We headed east until I felt we were north of Rang Rang. A two-story house is under construction on some high ground and we got permission to go upstairs to try to ascertain our position, to no avail. I was, and still am, sure that we were in the area. The next thing I knew we had hired seven locals to take Brian, Galen and myself, along with the Director, a cameraman, the sound guy, and one of our interpreters further into the jungle in an attempt to locate the areas.....on motor scooters! The roads are muddy (remember the red mud?), bumpy and twisting dirt tracks, which is precisely why we couldn't take the busses.

To say I was a bit apprehensive about riding into the jungle, unarmed, on the back of a scooter at last light would be a pretty gross understatement! We passed an eerily familiar field at the crest of some high ground before stopping. It was getting dark and with the limited information we had we knew our search this day would prove fruitless. I am quite certain that we were within a mile of both locations. I knew it. I felt it. As we stood on that hill in the middle of the jungle I was reminded of something that Mrs. Frye had told me on the phone in 1998. She told me that she knew when they dropped Kevin off to catch his flight to McGuire, and subsequently Vietnam, that she would never see him alive again. I asked her why and she told me that as she and her husband were leaving the airport that it began to rain, with lightning and thunder.

I am sure that Kevin was up there watching us today and laughing his butt off at these middle-aged old farts running around the jungle at last light trying to find the field he died in. How do I know? Because as we stood there in the now tranquil jungle, looking over the horizon to the south, we were treated to a spectacular view of a lightning storm far off in the distance. He may be laughing but I took this as a sign that Kevin was acknowledging our effort. And there, on that hill, I said good-bye. Something I ever had an opportunity to do before he left us.

We remounted the scooters and headed back to the busses. When we arrived the rest of the guys were surrounded by children, smiling, laughing, friendly, unpretenscious and happy! They had smiles that lit up the world. We stayed and played with them for several minutes as their parents stood by and smiled and bowed at us.
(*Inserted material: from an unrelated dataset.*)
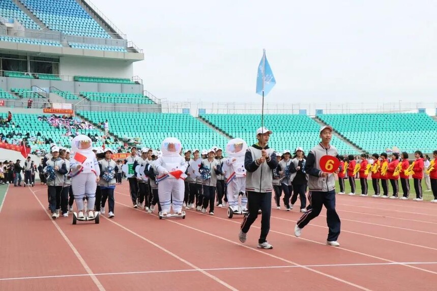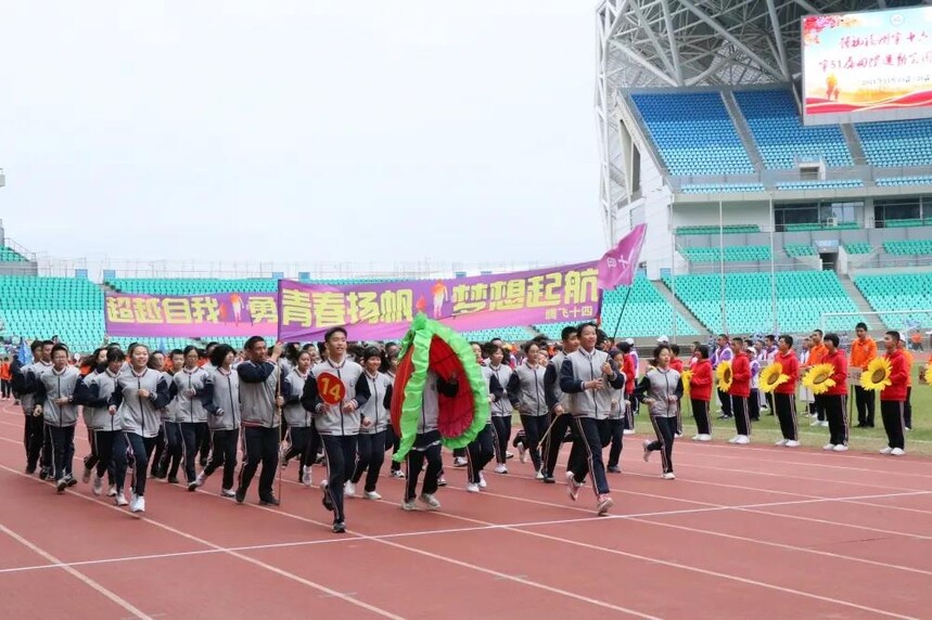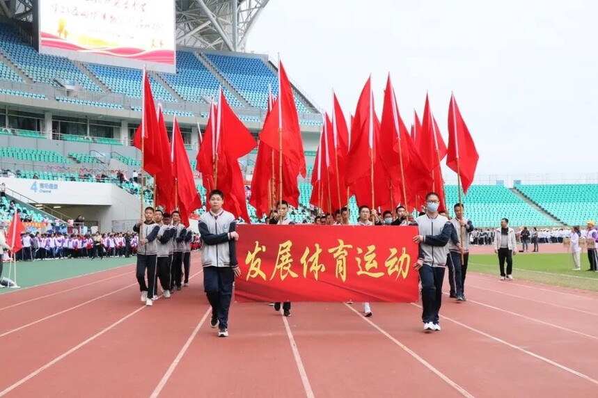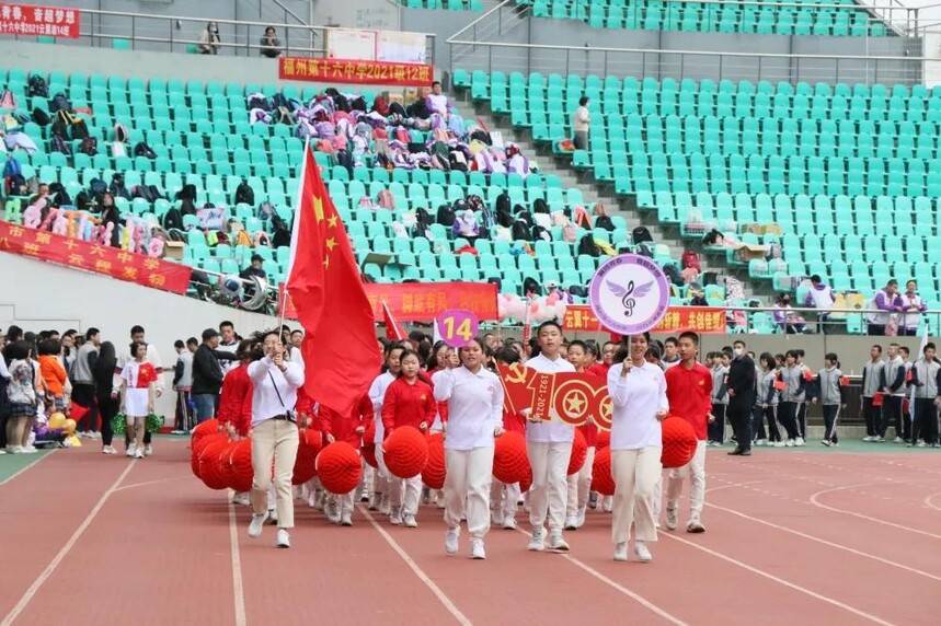 信仰铸百年辉煌 拼搏展毓英风华—福建省福州市第十六中学第51届田径运动会时间:2021-11-21 教育文摘周报11月21日福建电(记者 陈隆焕 陈强 )金风送秋爽,毓英点苍穹。2021年11月19日—20日,福建省福州市第十六中学第51届田径运动会在福州海峡奥林匹克体育中心举行。福州市第十六中学校领导及家长委员会代表出席了本届运动会开幕式。 本次开幕式由福州市第十六中学教务处陈文水主任主持。开幕式上,福州市第十六中学郑其瑞校长首先代表校运会组委会致词。他对本次运动会的召开表示了热烈祝贺,对全体运动员、裁判员、工作人员致以崇高的敬意和衷心的感谢,对入场式表演给予了高度评价和赞扬。他表示2021年是非同寻常的一年,是使中国人自豪的一年,今年也是十六中学落实素质教育,实现强校战略,稳步发展的一年。每年定期召开的体育运动会,是对学校体育成果和体育竞技水平的一次大检阅,更是十六中学师生精神风貌和综合素质的一次集中展示。他希望我们秉承百年毓英优良的体育传统,将毓英人在体育中的拼搏精神发扬光大,并祝愿全体同学赛出风采,取得佳绩。裁判员代表吴宜椿老师庄严宣誓:服从指挥,严守纪律,公平裁判。最后运动员代表郑宇涵同学发言,他表示一定在赛场上奋力拼搏,赛出毓英学子的风采。 硬核登场英姿飒,朝气蓬勃少年郎。国旗、会旗、红旗、鲜花方阵依次通过主席台。刚劲的步伐、坚毅的眼神、笔挺的身姿、抖擞的精神展现出昂扬的斗志、豪迈的气概。为国旗添彩,为国旗增辉,为国旗壮威,为祖国增光,是最崇高的信仰。 来自各个年段的跑操队列激扬登场。意气风发的初三年段,两两组合,汇聚成一道七色彩虹,象征着通往梦想的桥梁,更象征着到达中考成功彼岸的企盼与信念;壮志凌云的初二年段以冬奥会为主线,融入各班文化特色,在整齐的行进中诠释了“更高、更快、更强”的冬奥精神,彰显了毓英少年的士气和腾飞大国的风范;逞飒爽英姿,逐光前行,在建党百年之际,风华正茂的云翼级,演绎百年时光的流转,再现筚路蓝缕的历程,他们不闻号角,却已整装待发,云翼展翅,强国有我! 南湖灯火照天明,伟业百年寰宇惊。为献礼党的百年华诞,毓英学子以精彩的表演表达拳拳之心。“我们都是追梦人,千山万水奔向天地跑道”,甜甜的歌声,可爱的笑脸,毓音合唱团率先用追梦的表态向祖国献礼。有梦、追梦、圆梦,我们一直在路上。 初三年段带来的《我爱你中国》用悠扬的小提琴和整齐的舞蹈表达了毓英学子们对祖国深沉持久的爱。梦在前方,路在脚下。为了祖国,我们时刻准备着。 咏春赫赫,刚劲凌厉,功夫扇舞,轻盈朝气。凌云学子带着饱满的热情,诠释了武与舞的交汇,刚与柔的融合,传统与青春的碰撞。壮志凌云致青春,武魂舞韵献中华。 百年弄潮,少年扬帆,乘风破浪,振兴中华。云翼级的同学们用他们的舞蹈表达了自己必将肩负起少年之使命,用觉醒之志努力拼搏,延中华百年之梦想。 一跃而起如翱翔雄鹰,奔跑疾驰如离箭之弦,奋力一掷似完美弧线。半蹲、蓄力,奋力起跳,平稳落地,同学们如海上的浪花,似浪花上的云燕。灵巧的速跑,轻轻一跃,小小横杆即使落下,也仍有不屈的信念。 短跑运动员迈着矫健的步伐在观众们的竭力呼喊中奋力冲刺,去迎接终点处属于他们的掌声;每一次奔跑的脚印都是超越极限,每一次的交接都是满怀憧憬,他们势如破竹,锐不可当。一根小小的木棒,承载了他们的无限希望;一根长绳串起的是队伍的凝聚力。他们终将不负众望,扶摇直上。 我们有着不顾一切的勇气,空掷一切的豪气,划破长空的浩然之气。轻如飞燕,东风也轻轻地推了一把,朗朗力道在空中运转,铅球落地,掷地有声。 走上讲台,他们侃侃而谈、教书育人;面对学生,他们谆谆教诲,亦师亦友;而在运动场上,他们为本届运动会献上了一份趣味盎然的厚礼。专注于培养祖国栋梁之才的老师们,放下繁重的工作,在运动场上尽情挥洒汗水,释放激情。在本次教工趣味比赛上,设置了一分钟踢键子、8*40米插秧收割、拔河、击鼓送红军等教工集体项目。教职工拔河比赛的现场加油呐喊声四起,场内老师奋力拼搏,热闹非凡。活动以趣味为主,但项目都特别考验团队协作精神和拼搏精神,让我们看到了平日里站在讲台前的老师们也有能文善武的另一面。 绿茵球场上正在举行一场激烈而公正的师生足球对抗赛。双方展开了精彩的竞技。老师们脚法娴熟,配合默契,更不乏精彩的临门一脚,学生们并没有因为和老师踢球而感到拘谨,大家你来我往,你争我抢,绝不亚于任何一个绿茵场上的精彩赛事。 形态各异的气球、迎风绽放笑容的风车、乘风飘扬的各色旗帜、响亮激昂的口号横幅成了每一个班级布置的亮点。同学们不拘泥于简单的元素,还颇具创意地以手绘的方式描绘出班级赛程表。心灵手巧的孩子们还制作了加油牌为运动员们应援。把班级理念融入大本营的布置中,丰富地展示班级风采,激励同学们爱班爱校,为了集体荣誉奋勇拼搏,这就是运动会创意大本营的用心所在。这些富有创意的设计无不彰显着毓英学子的智慧和风采。大本营必将是运动健儿们最坚实的后盾。 百年征程,波澜壮阔,毓英学子,风华正茂。在党的百年华诞之际,毓英学子用运动场上奋勇的姿态和昂扬的风貌书写热血青春,我们必将肩负起“少年强则国强”的使命,以拼

Saying good-bye to our new little friends we made our way back to Dong Xoai. Driving past the houses I couldn't help but notice the meager life these people live. The living rooms were almost identical; furniture bare save for a single hutch with a TV on it and as we drove slowly by they ate their dinners on the floor of this room watching TV and the thing that struck me most was how happy they appear. And then I couldn't help but wonder how many of these families were, in some way, affected by my presence in their country 35 years ago? I am not sure I want to know the answer to my own question?